As he grew into a teenager, he became particularly enamoured of Klippie and one farming neighbour who watched him in amazement as he repeatedly mounted the sheep dog was heard to say "I think you’d better put me down for one of the pups".
On one occasion, we had trouble with a young calf and it was necessary to rush it down to our local Vet for an injection. Whilst loading the calf, the two dogs and Noodle also jumped into the back of the truck, and not having time to spend arguing the toss, we left the entire bunch of them on the back and headed for town. Once the vet had done his job, we proceeded to the Post Office where we parked and went in to collect the mail, and on returning to the truck, we found a bemused friend standing staring at the vehicle.

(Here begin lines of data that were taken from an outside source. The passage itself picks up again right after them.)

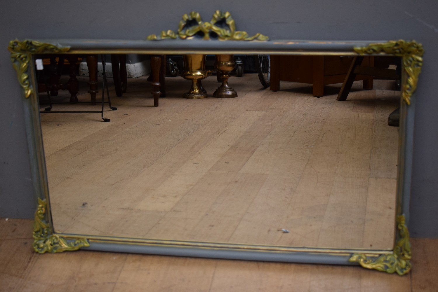 A DECORATIVELY PAINTED AND GILT WALL MIRROR (57H X 85W CM) (LEONARD JOEL DELIVERY SIZE: MEDIUM)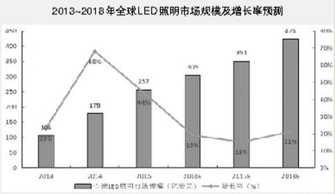 由于替代性光源和全球白熾燈替換熱潮的推動(dòng),2014年全球LED照明市場快速增長,但是2015年由于替代性光源產(chǎn)品(含燈管、球泡燈)等產(chǎn)品價(jià)格大幅下跌,產(chǎn)品利潤不如預(yù)期,使得LED照明市場增長動(dòng)力不足。LED照明市場規(guī)模增長有所放緩,2015年全球LED照明市場規(guī)模為257億美元,同比2014年增長44%,LED照明市場滲透率達(dá)到31%。預(yù)計(jì)2016年到2018年全球LED照明市場增長逐漸趨于穩(wěn)定,部分替代性光源已經(jīng)更換完成,市場增長率穩(wěn)定在20%左右。照明企業(yè)開始把重心轉(zhuǎn)移到專業(yè)照明領(lǐng)域,如商業(yè)照明、工程照明和建筑照明等。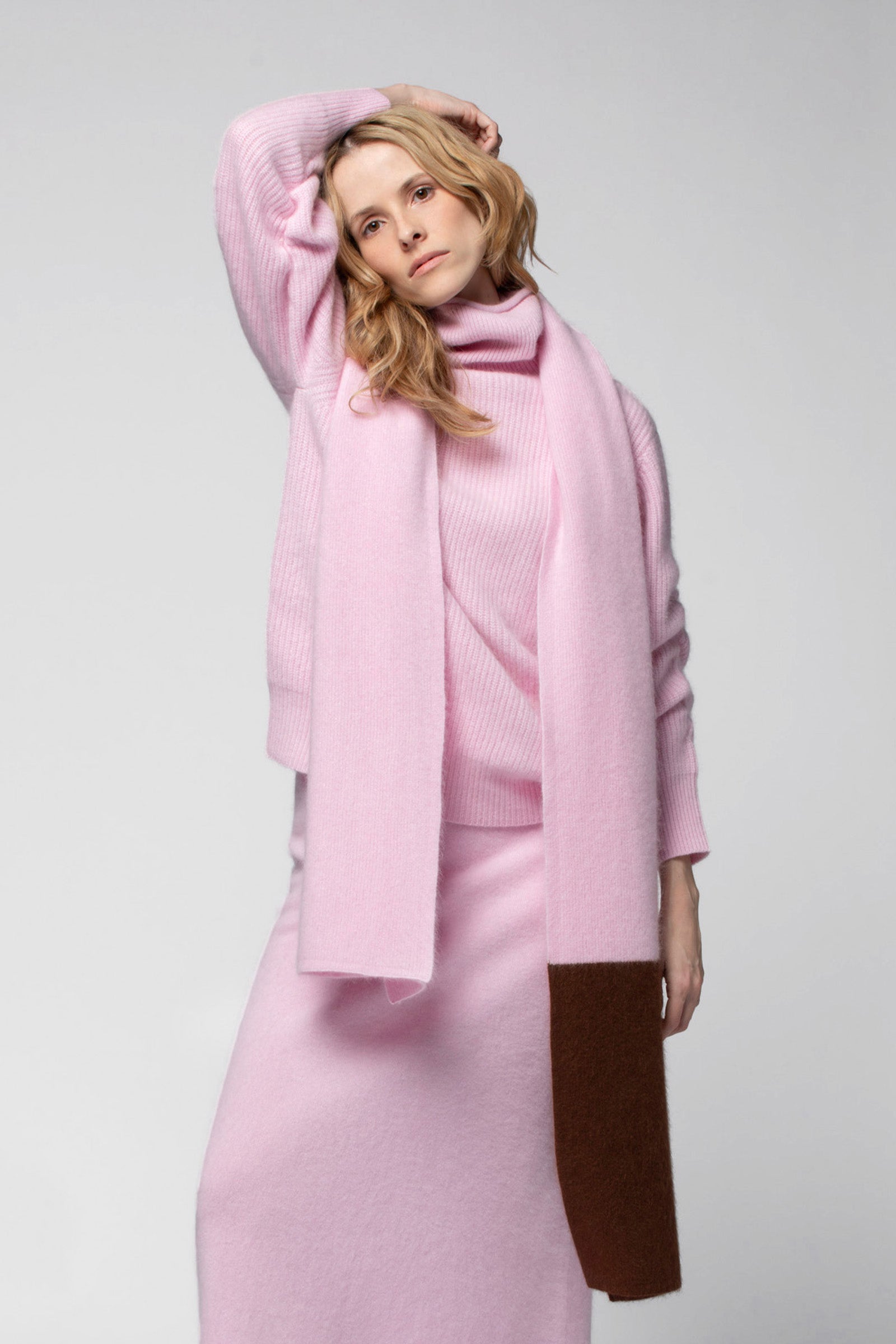 Les accessoires en cachemire rose de la collection Automne-Hiver MAX&MOI s’imposent comme les compagnons essentiels de la saison : doux, lumineux et infiniment élégants.

‘Now folks’ she said ‘we all know you have started farming and we appreciate that it must be great fun, but the basic idea is that when you come to town, you leave the animals on the farm’. There, leaning out of the back windows of the canopy, was the calf, two dogs and a sheep all eyeing the passing population. I chuckled and wondered what she would say when she saw us going for a walk on the farm, accompanied by four dogs, two horses, one sheep and a buck and, in time, the addition of a couple of ducks and a turkey.

Chapter 6 Hellfire and Brimstone


Bulklip Rock after which the farm was named

We progressed slowly for some considerable time undertaking most of the heavy work ourselves with assistance from two labourers who came to work on a casual basis. However, there came a time when it was just no longer possible to manage and we employed a married couple to give a hand. The standard of Jacob’s work was fairly good, but his ability to lay into his wife was too much to cope with, and after having seen her departing in a huff twice in one week, we decided that the best thing would be for her to set up home closer to her mother who seemed to have some control over the situation.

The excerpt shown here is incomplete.